On Mon, Feb 10, 2014 at 10:32 PM, Ben Langmuir <[email protected]> wrote:
> Hi Doug et al.
>
> This is the first patch in the implementation of the virtual file system
> discussed here:
> http://lists.cs.uiuc.edu/pipermail/cfe-dev/2014-February/035188.html. It is
> intended to include enough of the AbstractFileSystem interface to replace the
> use of llvm::sys::fs in FileManager. Incidentally, I’ve included a number of
> the convenience methods that are trivially implemented on top of the status
> object. When created by the CompilerInstance, FileManager will use a virtual
> file system created by the CI, but to avoid modifying every other user of the
> FileManager, in the absence of an explicit AbstractFileSystem to use, it will
> default to the real file system during construction.
>
> Additionally, I’ve included a stub implementation of the OverlayFileSystem,
> which the CompilerInstance uses. It is able to overlay files from a second
> file system, but will not merge directories correctly yet. There are no
> users that actually push a second file system yet (other than the included
> unit test).
>
> This patch is notably missing: the interfaces for recursive directory
> traversal, file system modification (create dir, rename, etc.), and any
> notion of thread safety.
Hi Ben,
This is looking great!
+/// \brief A file system that allows overlaying one \p
AbstractFileSystem on top
+/// of another.
+///
+/// Consists of a stack of >=1 \p AbstractFileSytem objects, which are treated
+/// as being one merged file system. When there is a directory that exists
+/// in more than one file system, the \p OverlayFileSystem contains a directory
+/// containing the union of their contents. When there is a file
that exists in
+/// more that one file system, the file in the top-most (most recently added)

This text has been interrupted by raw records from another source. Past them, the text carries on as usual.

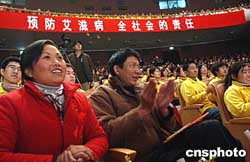 十二月一日,中國內(nèi)地演員濮存昕(右一)、蔣雯麗(左一)在“關(guān)注婦女,抗擊艾滋”活動上,與來自四川資中公民鎮(zhèn)的艾滋病毒攜帶者同臺獻(xiàn)藝,該艾滋劇團(tuán)是由四川資中縣近二十名艾滋病感染者自發(fā)組建的。作者:韓藝冰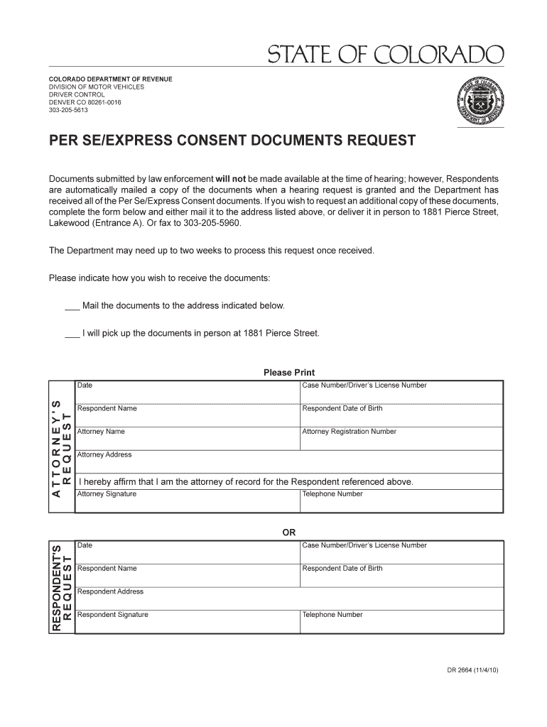 Submission Process for the Colorado Per Se/Express Consent Documents Request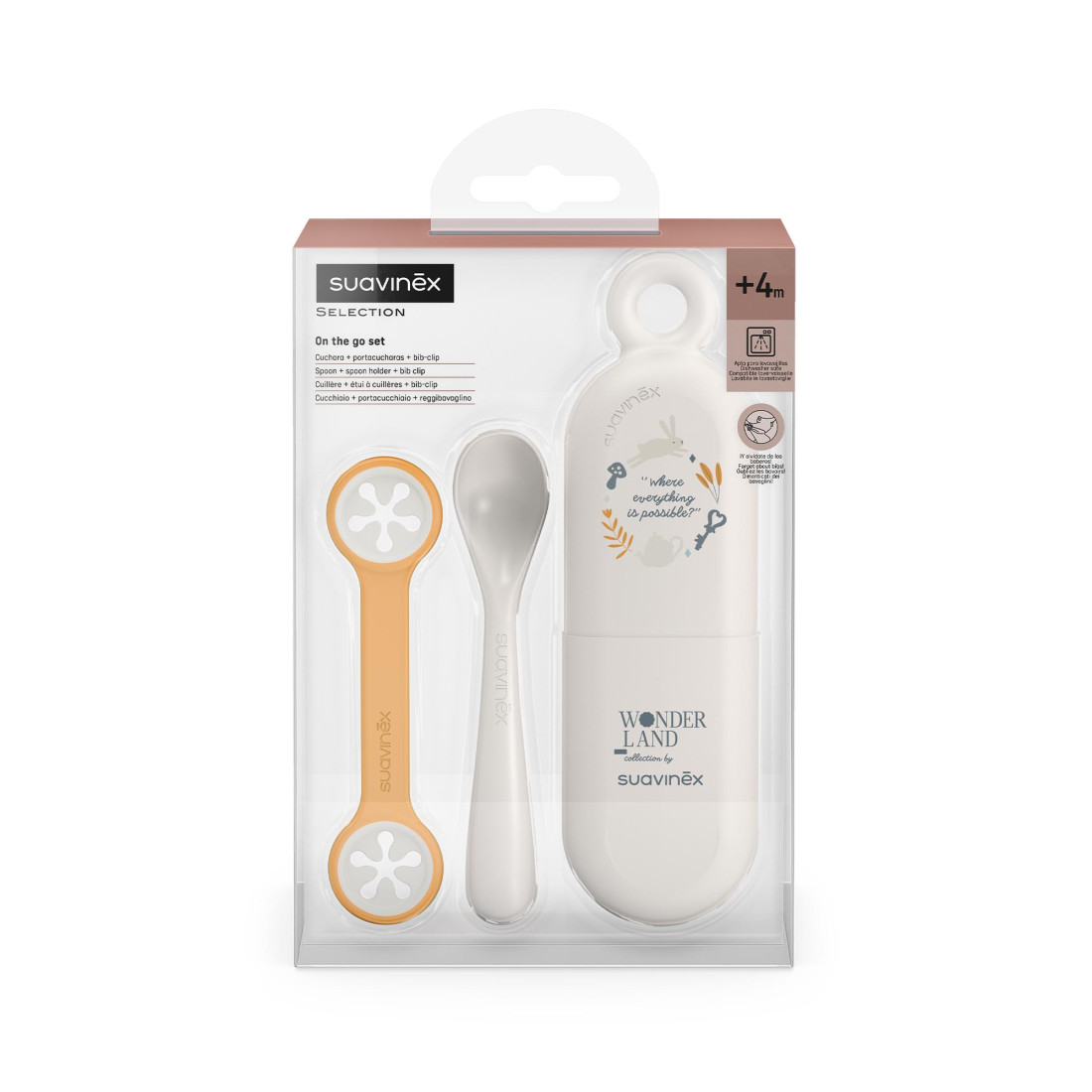 Ένα εργονομικό κουτάλι, μια κουταλοθήκη και ένα κλιπ σαλιάρας που σας επιτρέπει να μετατρέψετε μια απλή χαρτοπετσέτα σε σαλιάρα επί τόπου.Κουταλοθήκη Χωρητικότητας 2 κουταλιώνΈνα κλιπ σαλιάρας που σας επιτρέπει να μετατρέψετε μια απλή χαρτοπετσέτα σε

+/// file system overrides the other(s).
What about permissions -- the first overlay wins, right? Please
document and add tests.
+ llvm::error_code status(const llvm::Twine &Path, Status &Result);
Please use LLVM_OVERRIDE (here and in other overrides).
+ /// Create the virtual file system and replace any existing one with it.
+ /// The top level of the virtual file system is an OverlayFileSystem with the
+ /// RealFileSystem as its base and initially no overlays.
+ void createVirtualFileSystem();
Is the correct default? If some clients need an overlay, they should
set it up from the start, rather than deciding late in the process
"oh, and I think I need to add an overlay".
--- /dev/null
+++ b/lib/Basic/VirtualFileSystem.cpp
@@ -0,0 +1,284 @@
+//===- VirtualFileSystem.h - Virtual File System Layer ----------*-
C++ -*-===//
File name does not match comment.
+ /// \brief Get an iterator pointing to the most recently added file system.
+ iterator begin() { return FSList.rbegin(); }
+
+ /// \brief Get an iterator pointing one-past the least recently added file
+ /// system.
+ iterator end() { return FSList.rend(); }
begin/end is too generic, maybe overlays_begin() / overlays_end()?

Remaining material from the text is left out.